There was a spirited discussion over how markets and property rights can be extended to provide genuine environmental protection as well as offer an alternative to political control of resources. This is a sign of intellectual health and vitality, and it is a measure of the success of the FME movement that we can turn our attention to the problem of how to assign property rights to certain kinds of "commons" (such as urban air) which lack intrinsic market value. When a common resource such as water, a forest, or grazing land has obvious intrinsic value, assigning enforceable property rights is fairly easy: you fence the land, assign title to an individual, and leave it to markets and voluntary bargaining to maximize benefits.
The common air we share is much more problematic. My "share" of clean air has no market value; it only acquires value in a negative way, i.e., when it becomes dirty. But since we all contribute to air pollution, an old-fashioned common law solution isn’t very practical. If we all sued each other in court, we’d end up with--what? Probably a court-supervised regulatory scheme that might look much like the EPA.
This lacuna has been referred to as the "no-mans land" in classical liberal rights theory. In our discussions last week, we referred to these tough-to-define commons as "N-space," like we used to do in mathematics class. The whole discussion quickly became all (John) Locked-up, with a hammer-and-tong debate over first principles.

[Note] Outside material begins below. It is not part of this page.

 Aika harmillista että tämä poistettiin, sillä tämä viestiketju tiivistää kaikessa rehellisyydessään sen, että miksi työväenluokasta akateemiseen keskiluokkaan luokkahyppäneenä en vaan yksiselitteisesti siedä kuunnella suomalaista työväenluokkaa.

Whether the problem of assigning property rights to commons such as urban air space can be solved is likely to remain a Coase call for a long time, but the debate tells something interesting about us. The drive to shrink "N-space" to the vanishing point arises from the dislike of political solutions for public problems that free marketeers have at a chromosomal level. Yet the voluntary bargaining that takes place between two private parties is also "politics," just on a smaller scale. If one party behaves irrationally or violates the other’s rights (think of the "spite fence" in property law), the next level of remedy is still "political," only through a different branch of government--the judiciary rather than the legislature. And even common law proceedings must, at the end of the day, make recourse to arguments about right and wrong, which is politics.

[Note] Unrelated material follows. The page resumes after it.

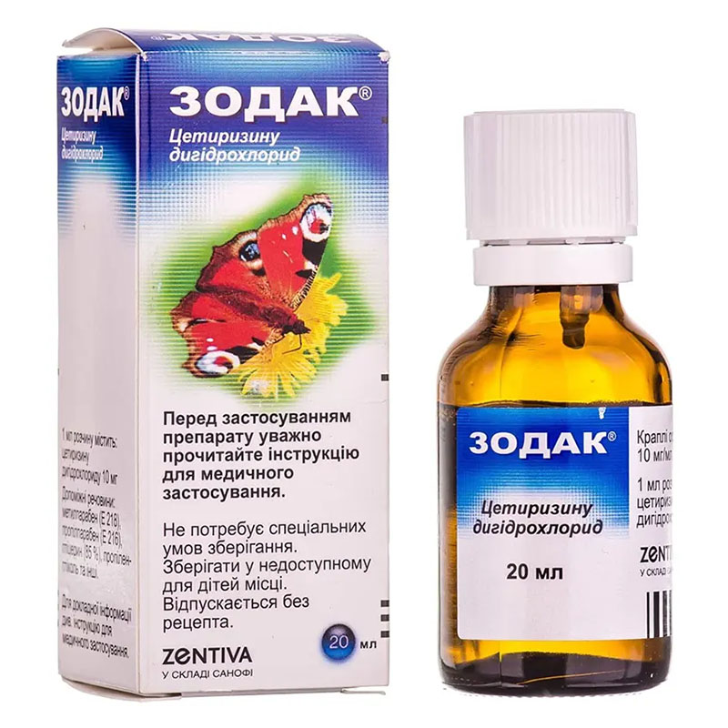 Сколько стоит Зодак капли 10 мг/мл по 20 мл во флаконе?

Some of the frustration we FME-ers feel about environmental issues arises less from the intellectual difficulties of our premises, than from the fact that we aren’t making more rapid progress changing public opinion and policy. One FME leader lamented at one point that "We’ve been screaming about regulation for years, and no one seems to have heard us." I think more people have heard us than he thinks, but it is also true that in N-space, no one can hear you scream.